The vitamin D steroid hormone system has always had its origins in the skin, not in the mouth. Until quite recently, when dermatologists and governments began warning us about the dangers of sunlight, humans made enormous quantities of vitamin D where humans have always made it, where naked skin meets the ultraviolet B radiation of sunlight.

We just cannot get adequate amounts of vitamin D from our diet. If we don’t expose ourselves to ultraviolet light, we must get vitamin D from dietary supplements.

The third way vitamin D is different from other vitamins is the dramatic difference between natural vitamin D nutrition and the modern one. Today, most humans only make about a thousand units of vitamin D a day from sun exposure; many people, such as the elderly or African Americans, make much less than that. How much did humans normally make?

A single, twenty-minute, full body exposure to summer sun will trigger the delivery of 20,000 units of vitamin D into the circulation of most people within 48 hours. Twenty thousand units, that’s the single most important fact about vitamin D.

Compare that to the 100 units you get from a glass of milk, or the several hundred daily units the U.S. government recommend as “Adequate Intake.” It’s what we call an “order of magnitude” difference.

Humans evolved naked in sub-equatorial Africa, where the sun shines directly overhead much of the year and where our species must have obtained tens of thousands of units of vitamin D every day, in spite of our skin developing heavy melanin concentrations (racial pigmentation) for protecting the deeper layers of the skin.

Even after humans migrated to temperate latitudes, where our skin rapidly lightened to allow for more rapid vitamin D production, humans worked outdoors. However, in the last three hundred years, we began to work indoors; in the last one hundred years, we began to travel inside cars; in the last several decades, we began to lather on sunblock and consciously avoid sunlight.

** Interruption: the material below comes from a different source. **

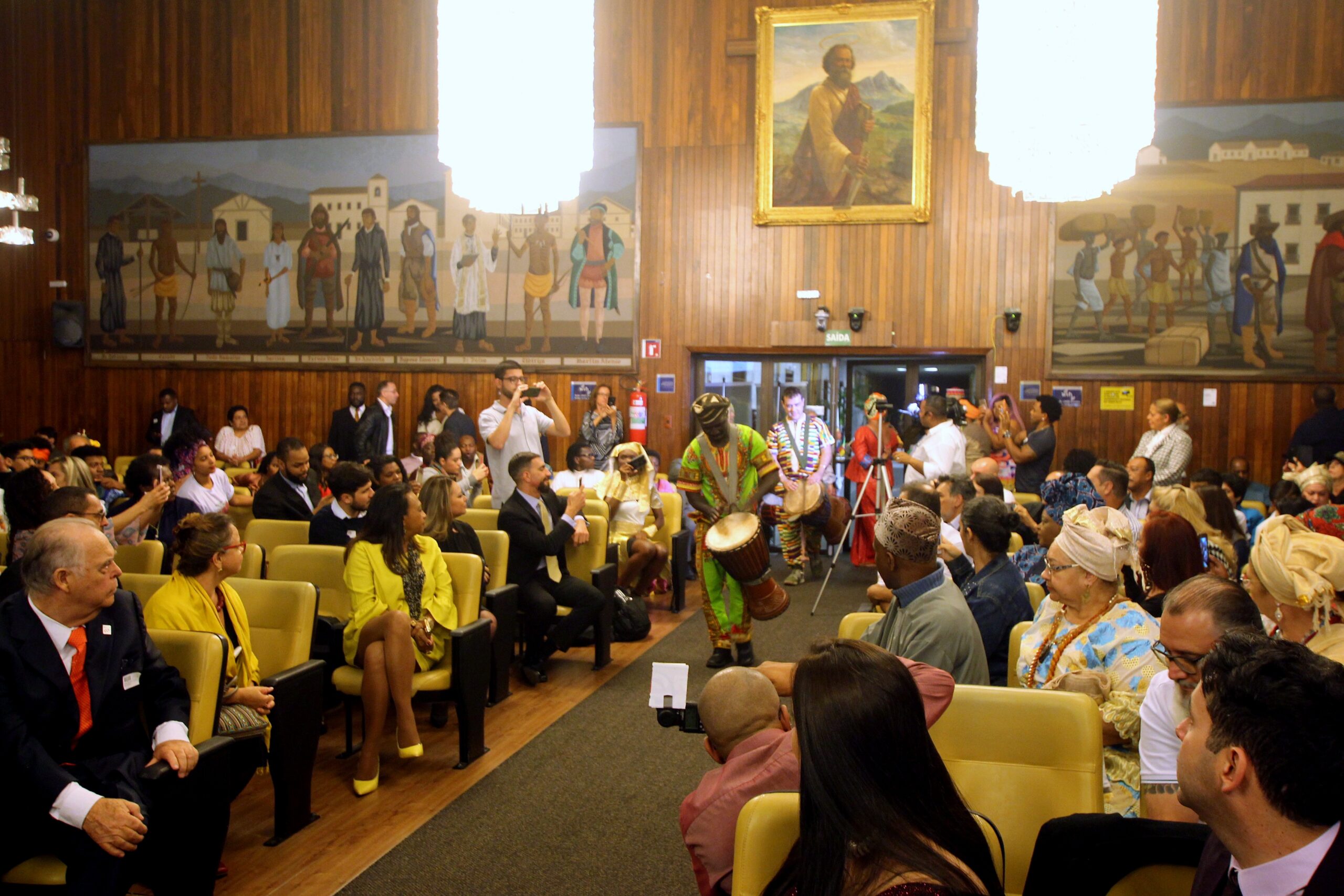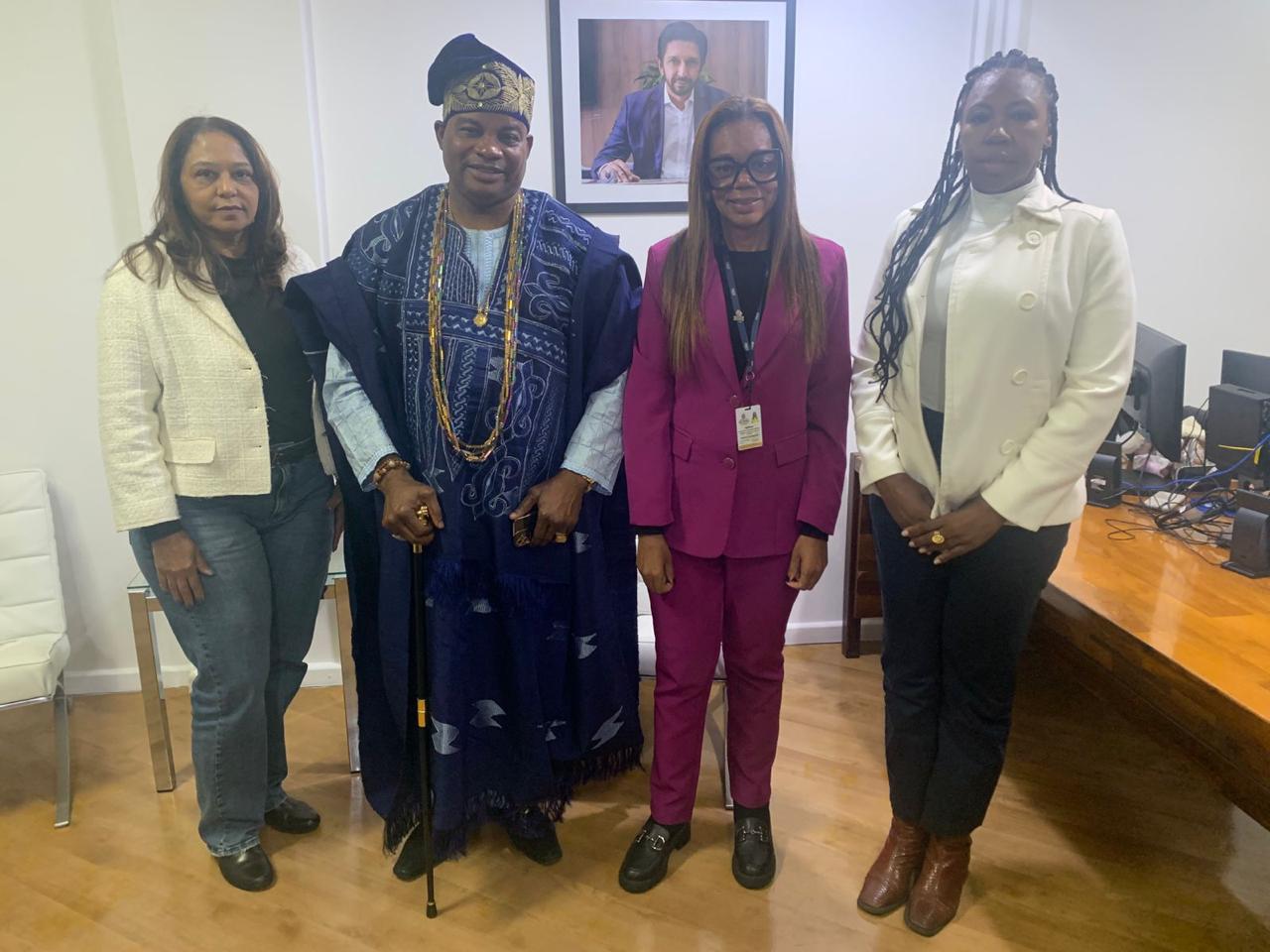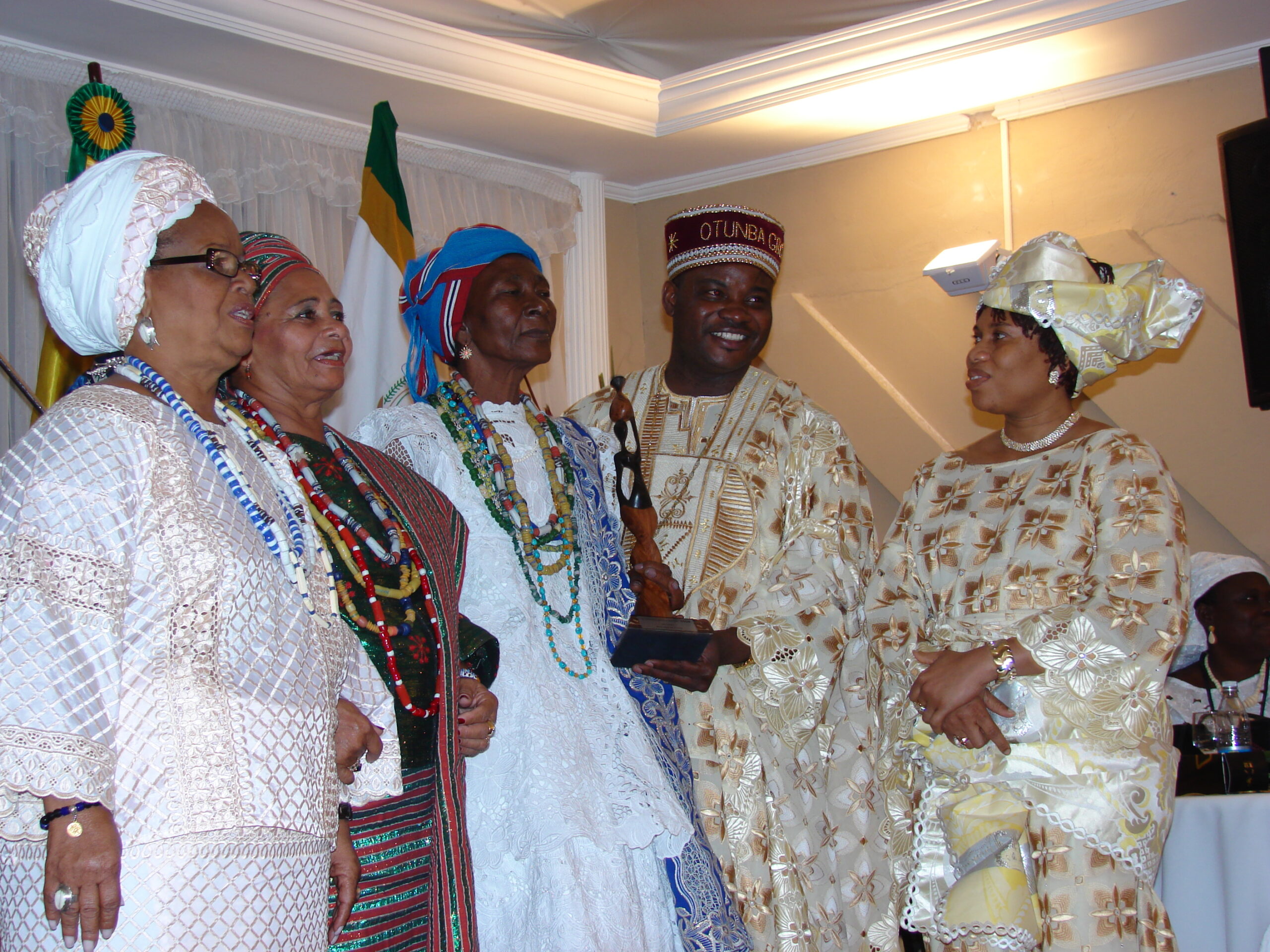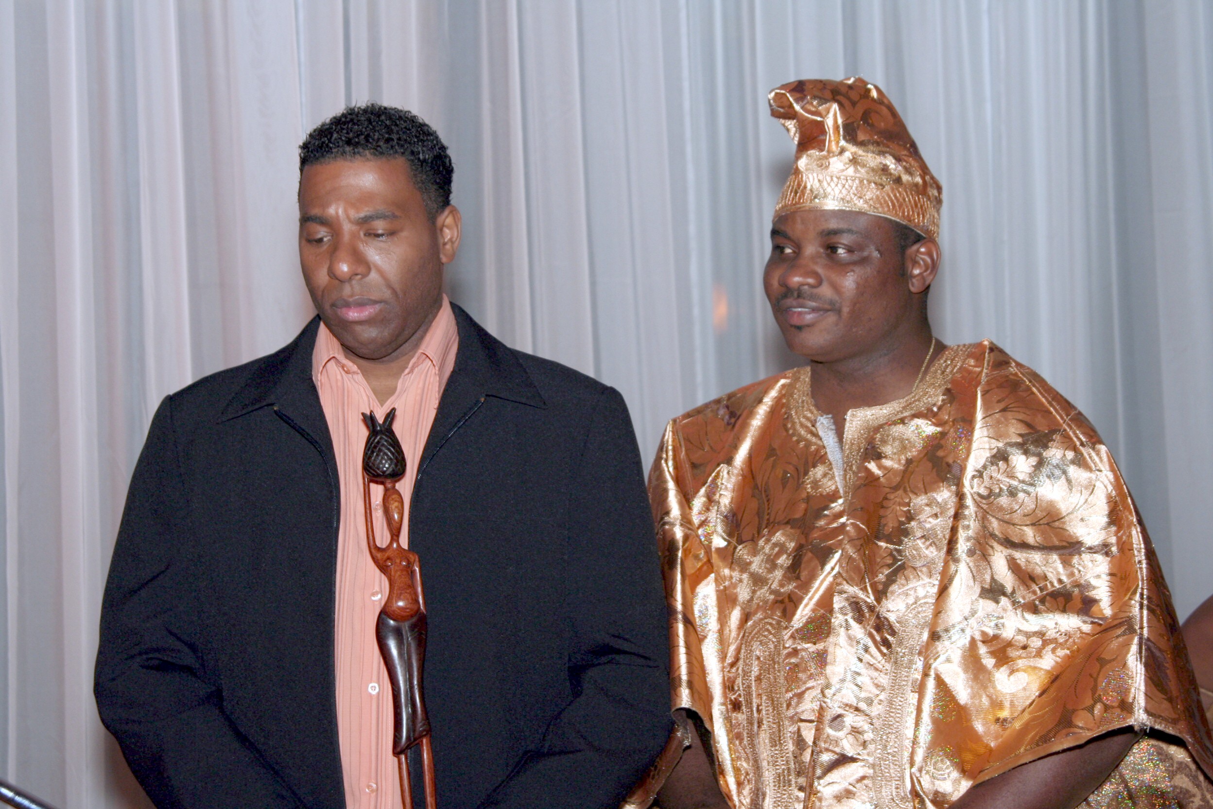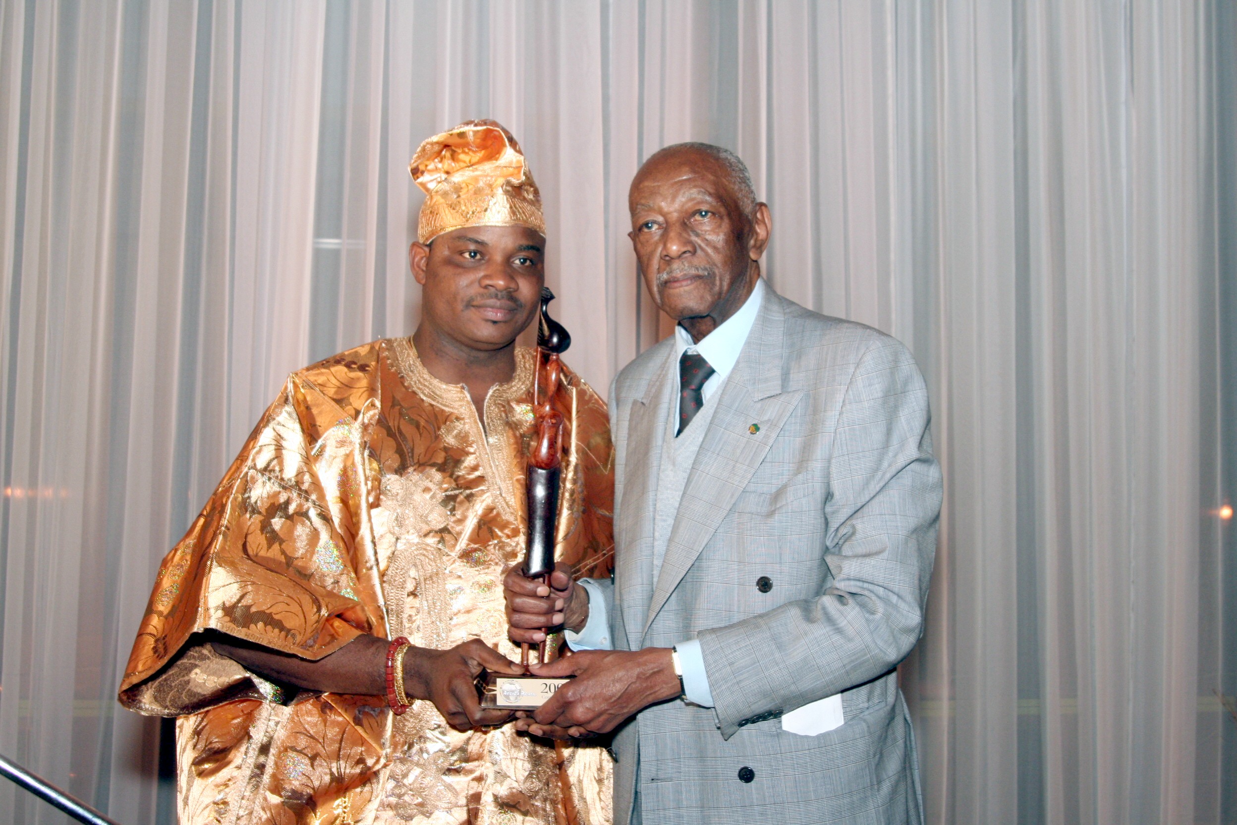 Entregar do prêmio África Brasil para Adekunle em seu escritório no Palácio de Justiça do Estado de São Paulo

All of these things lower vitamin D blood levels. The inescapable conclusion is that vitamin D levels in modern humans are not just low - they are aberrantly low.

About three years ago, after studying all I could about vitamin D, I began testing my patient’s vitamin D blood levels and giving them literature on vitamin D deficiency. All their blood levels were low, which is not surprising as vitamin D deficiency is practically universal among dark-skinned people who live at temperate latitudes.

Furthermore, my patients come directly from prison or jail, where they get little opportunity for sun exposure. After finding out that all my patients had low levels, many profoundly low, I started educating them and offering to prescribe them 2,000 units of vitamin D a day, the U.S. government’s “Upper Limit.”

Could vitamin D be the reason none of my patients got the flu?

In the last several years, dozens of medical studies have called attention to worldwide vitamin D deficiency, especially among African Americans and the elderly, the two groups most likely to die from influenza.

Cancer, heart disease, stroke, autoimmune disease, depression, chronic pain, depression, gum disease, diabetes, hypertension, and a number of other diseases have recently been associated with vitamin D deficiency. Was it possible that influenza was as well?

Then I thought of three mysteries that I first learned in medical school at the University of North Carolina:

(1) although the influenza virus exists in the population year-round, influenza is a wintertime illnesses;

(2) children with vitamin D deficient rickets are much more likely to suffer from respiratory infections;

(3) the elderly in most countries are much more likely to die in the winter than the summer (excess wintertime mortality), and most of that excess mortality, although listed as cardiac, is, in fact, due to influenza.

Could vitamin D explain these three mysteries, mysteries that account for hundreds of thousands of deaths every year?

Studies have found the influenza virus is present in the population year-around; why is it a wintertime illness? Even the common cold got its name because it is common in cold weather and rare in the summer.

Vitamin D blood levels are at their highest in the summer but reach their lowest levels during the flu and cold season. Could such a simple explanation explain these mysteries?